Sotheby's to Present the Art Collection of American Playwright Edward Albee
NEW YORK, 26 June 2017-Sotheby’s is honored to announce that we will offer The Collection of Edward Albee in a dedicated auction this September in New York. The full proceeds of the sale will benefit The Edward F. Albee Foundation, which provides residencies for writers and visual artists in Montauk, Long Island.
One of America’s most-treasured cultural figures, Edward Albee (1928-2016) was a keen observer of modern life in the United States whose piercing dialogue and constant experimentation helped reinvent and define post-war theater internationally. Beginning with The Zoo Story in 1958, the dozens of plays he wrote over the following five decades include such icons as Who’s Afraid of Virginia Woolf? (1962), A Delicate Balance (1966), Three Tall Women (1991), and The Goat, or Who Is Sylvia? (2000).

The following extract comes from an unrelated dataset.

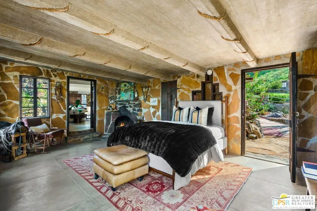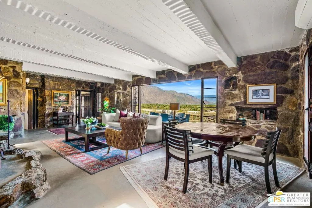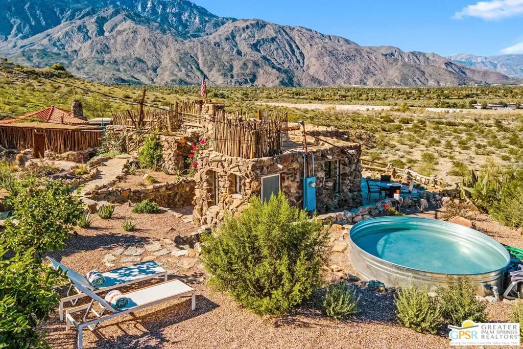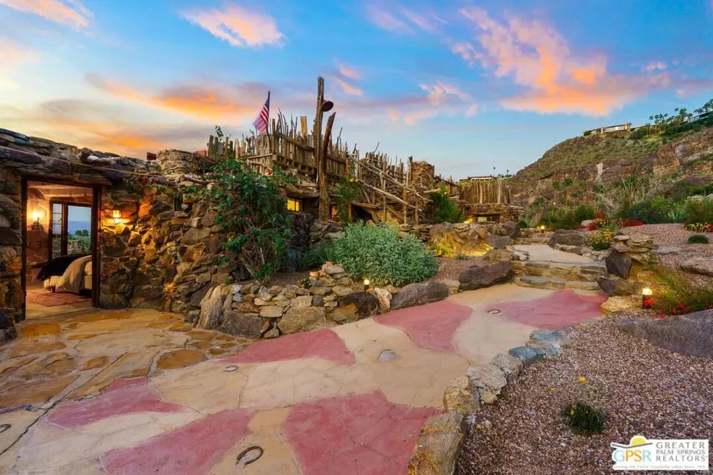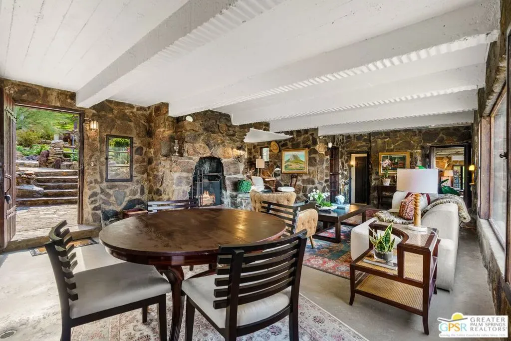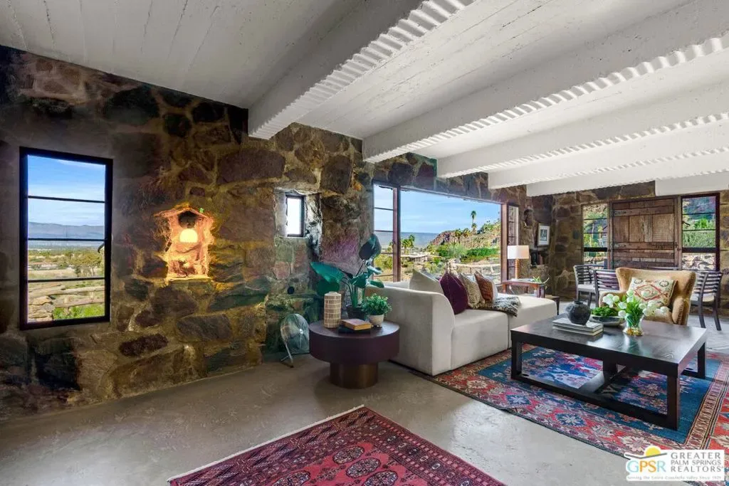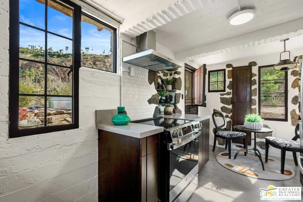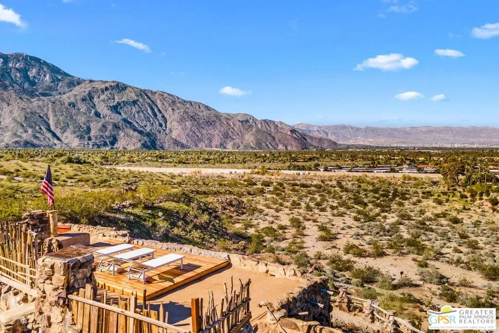 Perched high above Araby Cove, 2550 South Araby Road is a rare and storied treasure and one of Palm Springs iconic Rock Houses, originally built in 1929 by R. Lee Miller. This historic residence is a singular blend of architecture, history, and landscape, offering sweeping panoramic views across the desert floor and exceptional privacy. Access is provided via a private road with restricted entry. Designated a Class One Historic Landmark by the City of Palm Springs, the home showcases handcrafted artistry throughout. Stone walls rise organically from the mountainside, while original details remain beautifully intact, including hand carved doors and windows, custom shelving, exposed ceiling beams, ironwork door latches, handmade fireplace tools, and two original fireplaces, one of which includes a preserved stove pipe. A hidden room concealed behind a bookcase adds intrigue, and a deeply personal historical detail remains etched into the stone, as the original owner, Perle Martin Wheeler, carved her name into a nook in 1931. Respectfully honoring the home’s architectural legacy, the current owners acquired the property in late 2024 and completed a thoughtful transformation, bringing the residence into the modern era while preserving its soul. Extensive upgrades include updated plumbing, electrical, and HVAC systems, new appliances, an EV charger, and infrastructure improvements throughout the property. The roof was fully replaced in August 2022, providing long term durability. The main residence features one bedroom and two bathrooms, complemented by two detached studio casitas, each with its own en suite bathroom. These spaces offer exceptional flexibility and are ideal for guests, multigenerational living, creative use, or private retreats. Meandering pathways, updated irrigation, and curated desert landscaping create a serene environment where native wildlife and natural beauty take center stage. A morning walk along the northern path reveals the desert awakening from the rock garden below. The extensive desert landscaping was thoughtfully designed by renowned Palm Springs landscape consultant Paul Ortega, an expert in desert horticulture and water management, and President Emeritus and Co Founder of the Desert Horticultural Society of the Coachella Valley. This historic property allows short term rentals, a rare benefit for a Class One designation. In addition, Class One homes in Palm Springs may qualify for Mills Act contracts, which can offer potential property tax benefits. Buyer to verify. More than a home, 2550 South Araby Road is a living work of art where architectural significance, timeless craftsmanship, and some of the most breathtaking views in Palm Springs converge into a truly irreplaceable desert retreat.

For many, Sotheby’s September auction will offer a new window into Edward Albee’s life and creative mind. Sourced from artists, friends and galleries over several decades, the majority of the 100+ works on offer adorned the walls of Albee’s Tribeca loft, which he rehung often to explore new artistic connections. In keeping with his constant experimentation as a playwright, the collection focuses on the birth and evolution of Abstraction in 20th century art, and a highly-personal intellectual pursuit of the ephemeral and the elusive - from a stunning figural work by Milton Avery, to a whimsical relief by Jean Arp, a Bauhaus work by Wassily Kandinsky, and a group of geometric abstractions by John McLaughlin.